The yield on 10-year government bonds rose seven basis points to 6.95%, its highest level in 20 months, on concerns that the government may struggle to meet its fiscal deficit target of 4.3% of GDP for the financial year beginning April.
The tax cuts also ease the burden for oil marketing companies. While fuel prices in India are technically deregulated, state-run oil companies, which control 90% of the retail network, do not always raise prices when crude climbs.
As a result, consumers are shielded from volatility, with either the government or the companies absorbing the increases.

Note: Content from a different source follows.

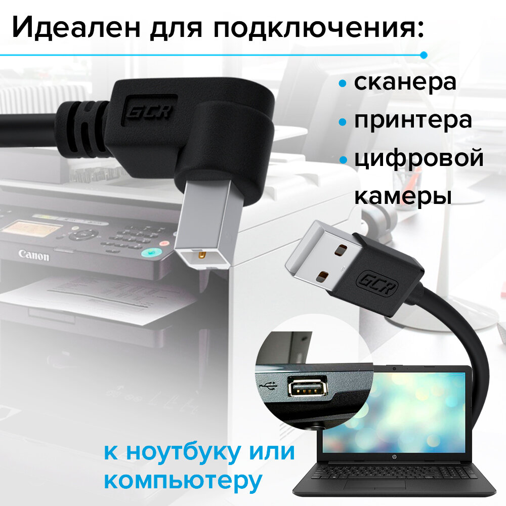 Кабель USB 2.0 AM / BM угловой правый для принтера сканера МФУ (GCR-UPC3M2) черный 0.5м

"Government has taken a huge hit on its taxation revenues to ensure very high losses of oil companies, approximately 24 rupees a litre for petrol and 30 rupees a litre for diesel, at this time of sky-high international prices, are reduced," Oil Minister Hardeep Singh Puri said in a post on X.
International crude prices have gone through the roof in the last 1 month from around 70 dollars/barrel to around 122 dollars/barrel. Consequently, petrol and diesel prices for consumers have gone up all over the world. Prices have increased by around 30%-50% in South East Asian…
The government said that at current crude rates, the combined daily under-recoveries being absorbed by oil firms stood at 24 billion rupees.
Shares of oil marketing companies such as Bharat Petroleum Corp and HPCL reversed early gains to close slightly higher.
Windfall tax on exports
The diesel export tax was set at 21.5 rupees a litre, along with a 29.5 rupees a litre tax on aviation fuel exports, the order said.
Between April 2025 and January 2026, India exported 14 million metric tonnes of gasoline and 23.6 million tonnes of gasoil. Most refiners have stopped exporting fuels. Reliance Industries is the country's biggest fuel exporter.
Finance Minister Nirmala Sitharaman said the government would ensure there was no shortage of petrol, diesel and jet fuel.
It would support oil marketing companies so that citizens were spared price hikes and ensure that jet fuel prices did not rise, she told news agency ANI.
India, the world's third-biggest oil importer and consumer, relies heavily on overseas supplies.
Also Read: What does each side in the Iran war say it would accept for a deal?
In a letter dated Thursday, the petroleum ministry said it would raise the allocation of liquefied petroleum gas to commercial and industrial users by 20%, taking total supply to 70% of pre-crisis levels.
The increase builds on an existing 50% allocation, with priority to sectors such as steel, automobiles, textiles and other essential industries. India had cut gas allocation for non-cooking purposes after the start of the Iran war.
India consumed 33.15 million tonnes of cooking gas last year, with imports covering about 60% of demand. About 90% of those imports came from the Middle East.
Prime Minister Narendra Modi and his government have stressed that adequate arrangements were in place, including for fertiliser supplies for the summer sowing season and coal to meet rising electricity demand.
The government, in a separate statement, assured the public that retail petrol and diesel prices would not change.